No Choke Points coalition turns up the heat in 'special access' fee battle

The rhetoric is flying hot and heavy as a new coalition spearheaded by Sprint Nextel and T-Mobile looks to put a cap on the wholesale access fees they pay companies like AT&T and Verizon for access to broadband lines.

The No Choke Points coalition says the fees—which have been a contentious point between the haves and have-nots for years--are stifling capex outlays and sidetracking the Obama administration’s goal of expanding broadband across the United States. It also claims the access fees cost businesses and consumers some $10 billion a year and reap the telcos profit margins that exceed 100 percent.

Not so, says AT&T, which responded to the coalition’s statements with a broadside aimed squarely at Sprint and its continuing struggle to make sense of its merger with Nextel.
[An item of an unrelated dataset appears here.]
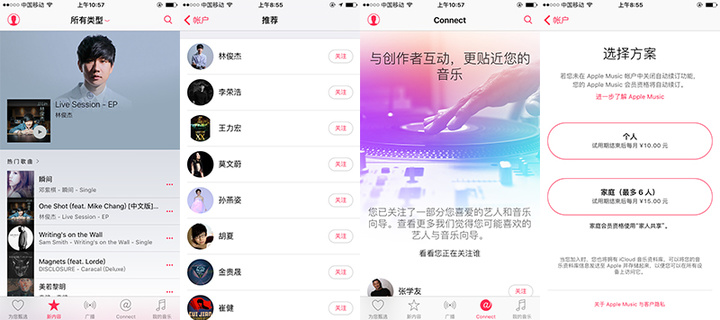 打开 Apple Music 后会发现,苹果已经针对国内的音乐以及音乐人做出了改动,选择订阅艺人,耳熟能详的歌手尽在其列。而通过 Connect 功能,音乐人还可以分享歌词、后台照片、视频,甚至直接用 iPhone 向乐迷们发布最新的歌曲。
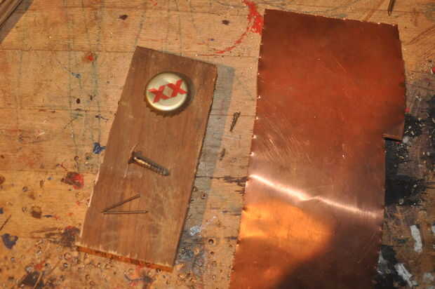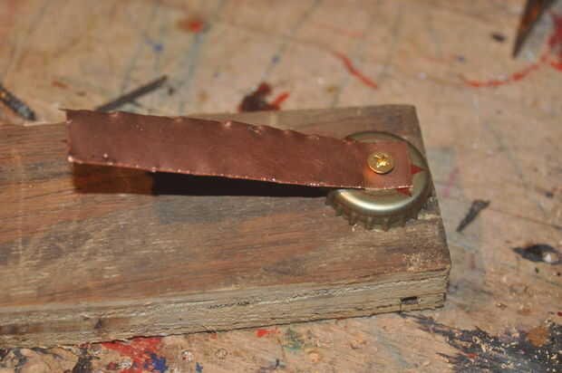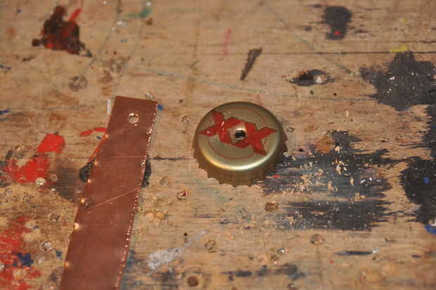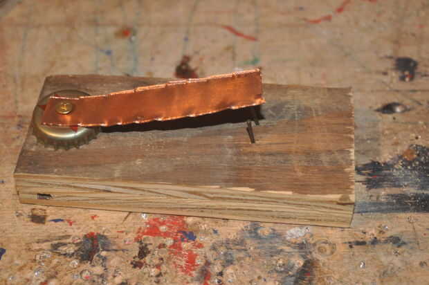 Para hacer el llave taladro un agujero en la tapa de la botella, pieza de cobre y en su base de madera.  Después, ponga el tornillo del cobre, luego la tapa de la botella y por último en la madera.  Para terminar su clave pone un clavo en su base donde al final de su cobre pieza lo que pegaron cuando presionas sobre el cobre.

AT&T said the company’s appeal to cap the special access fees was a “cynical attempt to obtain government-mandated reductions ... in order to alleviate some of the short-term financial and business pressures."

AT&T, Verizon, Qwest, Embarq and Windstream contend that a cap on access fees would deter other companies from building out their own Internet connections, thus hamstringing deployment further. A USTelecom statement says the coalition is looking to “minimize their own investment in U.S. broadband.”

The "No Choke Points" coalition's members also include Clearwire, tw telecom, Cbeyond, Covad Communications, Group One Communications and XO Communications.